DATA PROVIDED:
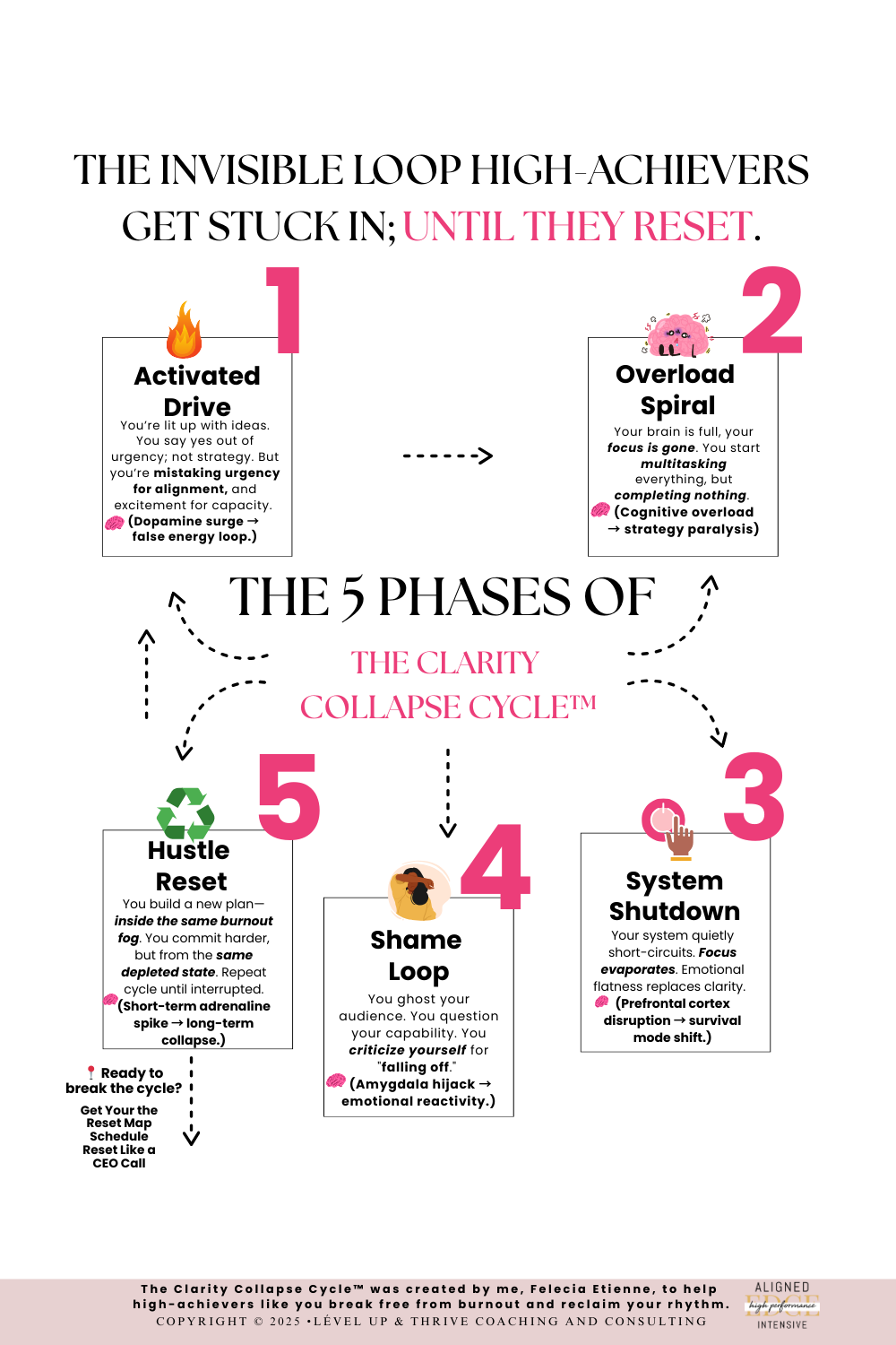 High achievers like us don’t burn out because we’re not capable. We burn out because we’re trapped in a cycle that wasn’t designed to support us. I call it the Clarity Collapse Cycle, and it’s the reason so many of us feel like we’re running on fumes, even when we’re “crushing it” on paper.
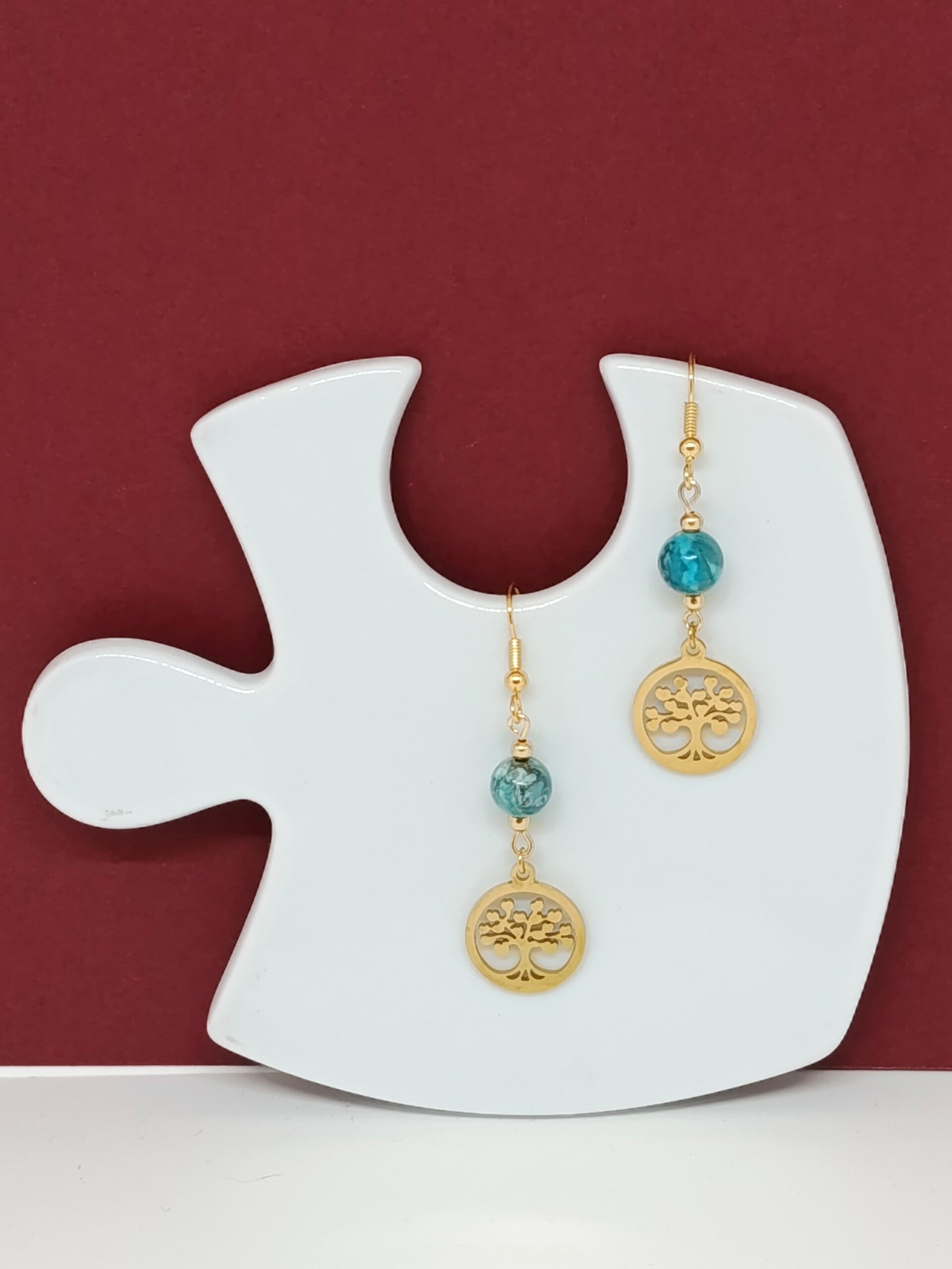 Boucles d'oreilles turquoise d' Afrique& arbre de vie- Doré- fait main - Soufle d'Azur
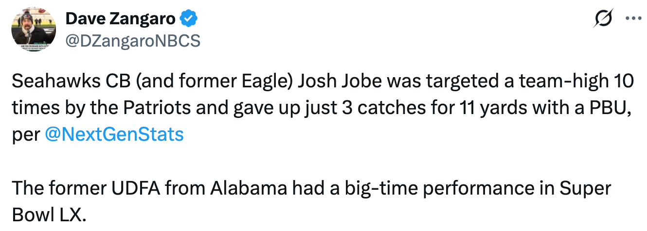 Jobe had arguably the hardest job of anybody in the secondary because quarterbacks must avoid Woolen and Devon Witherspoon — essentially making him the “Brandon Browner” or “Byron Maxwell” of the group — and he did more than just acquit himself … I’d say he was more valuable on a per play basis than Woolen.
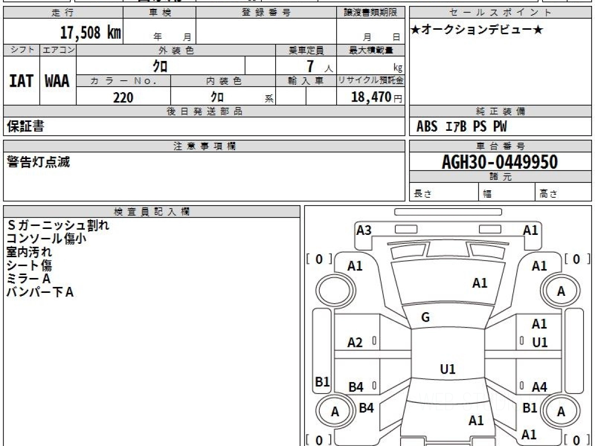 Номер кузова: AGH30W.
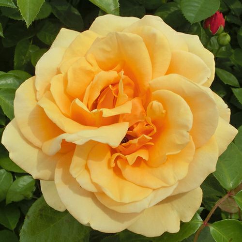 オレンジ黄で咲くにつれて弁先に赤みを帯びる。スパイシーの強い香水の香り。葉は濃い緑。壁・フェンスで育てることができる。
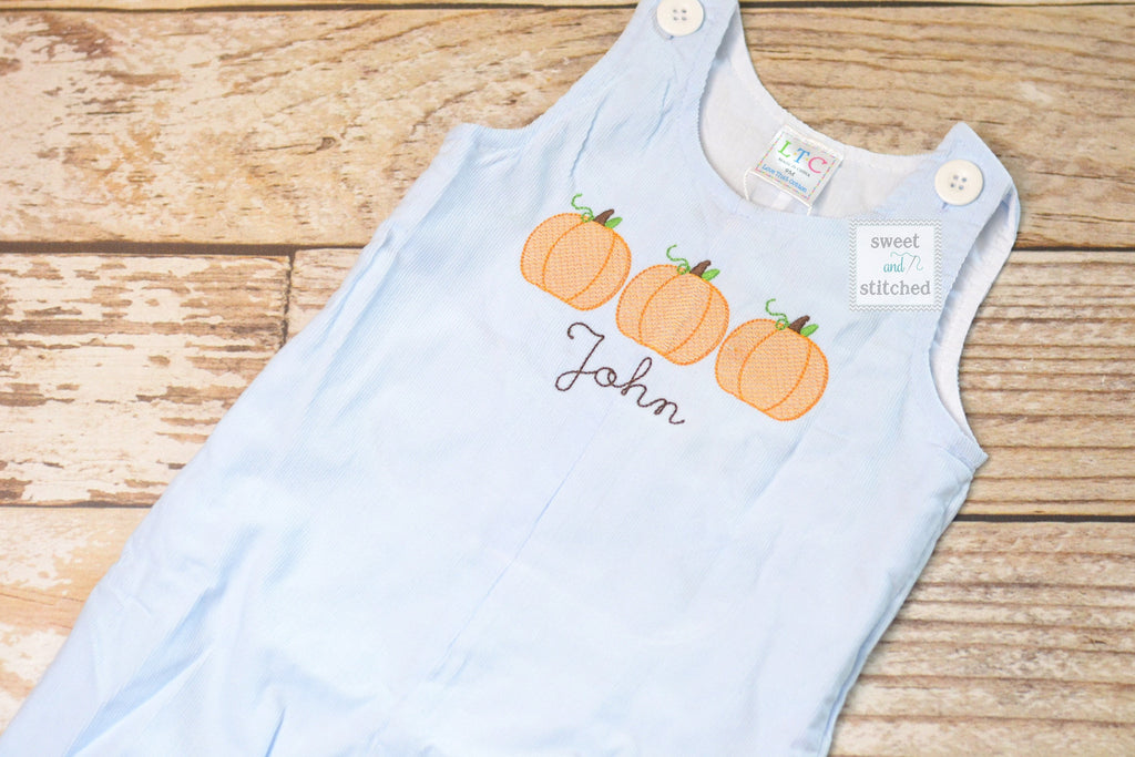 Monogrammed boys pumpkin overalls in baby blue corduroy, Boys halloween fall outfit with pumpkins, baby boy thanksgiving outfit
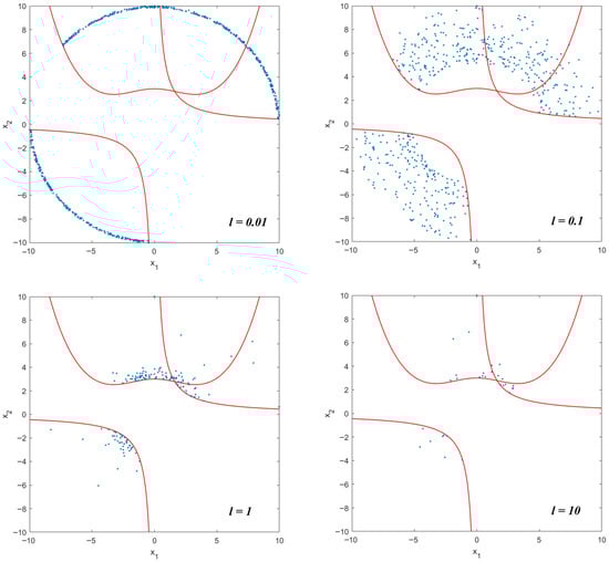 In the proposal distribution function shown in Equation (5), the parameter l controls the radial jump capability of IMCMC. As shown in Figure 12, for the performance function shown in Equation (15), under the same initial state point (0, 10) and sampling count (1000 times) conditions, the samples obtained by IMCMC are significantly different when parameter l takes different values. This has a direct impact on the subsequent failure probability calculation.
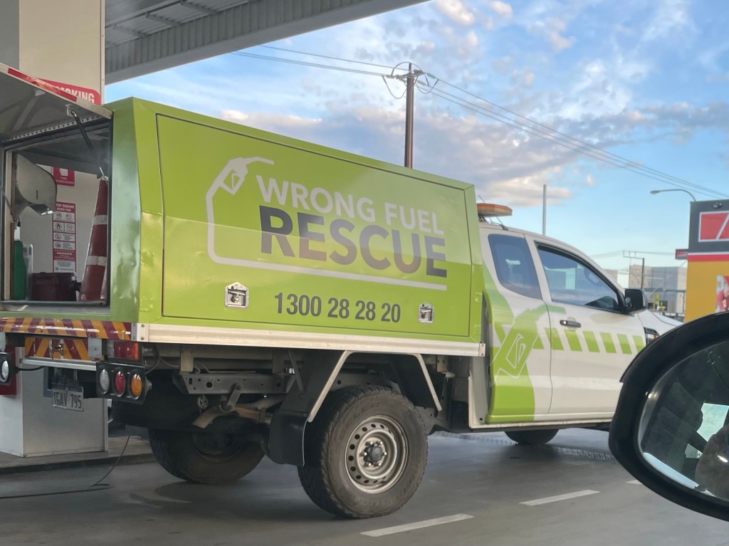 Today we saw this business in operation at Costco fuel in Adelaide. Wrong Fuel Rescue. The name tells it all.
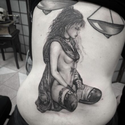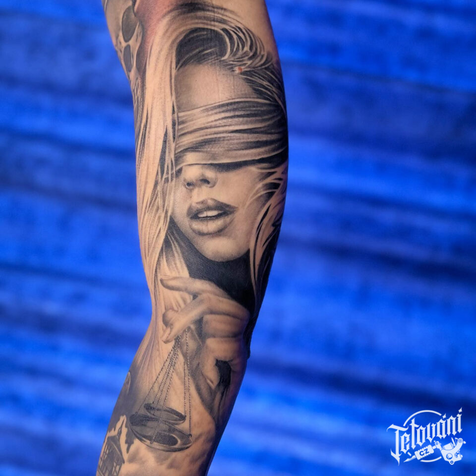 Tetování žena se šátkem přes oči, znamení zvěrokruhu váhy na ruku

TASK DESCRIPTION:
Exactly as written, repeat the lines from the beginning of the entries up to and including the line with "In the proposal", but not the pictures.

ANSWER BELOW:
 High achievers like us don’t burn out because we’re not capable. We burn out because we’re trapped in a cycle that wasn’t designed to support us. I call it the Clarity Collapse Cycle, and it’s the reason so many of us feel like we’re running on fumes, even when we’re “crushing it” on paper.
 Boucles d'oreilles turquoise d' Afrique& arbre de vie- Doré- fait main - Soufle d'Azur
 Jobe had arguably the hardest job of anybody in the secondary because quarterbacks must avoid Woolen and Devon Witherspoon — essentially making him the “Brandon Browner” or “Byron Maxwell” of the group — and he did more than just acquit himself … I’d say he was more valuable on a per play basis than Woolen.
 Номер кузова: AGH30W.
 オレンジ黄で咲くにつれて弁先に赤みを帯びる。スパイシーの強い香水の香り。葉は濃い緑。壁・フェンスで育てることができる。
 Monogrammed boys pumpkin overalls in baby blue corduroy, Boys halloween fall outfit with pumpkins, baby boy thanksgiving outfit
 In the proposal distribution function shown in Equation (5), the parameter l controls the radial jump capability of IMCMC. As shown in Figure 12, for the performance function shown in Equation (15), under the same initial state point (0, 10) and sampling count (1000 times) conditions, the samples obtained by IMCMC are significantly different when parameter l takes different values. This has a direct impact on the subsequent failure probability calculation.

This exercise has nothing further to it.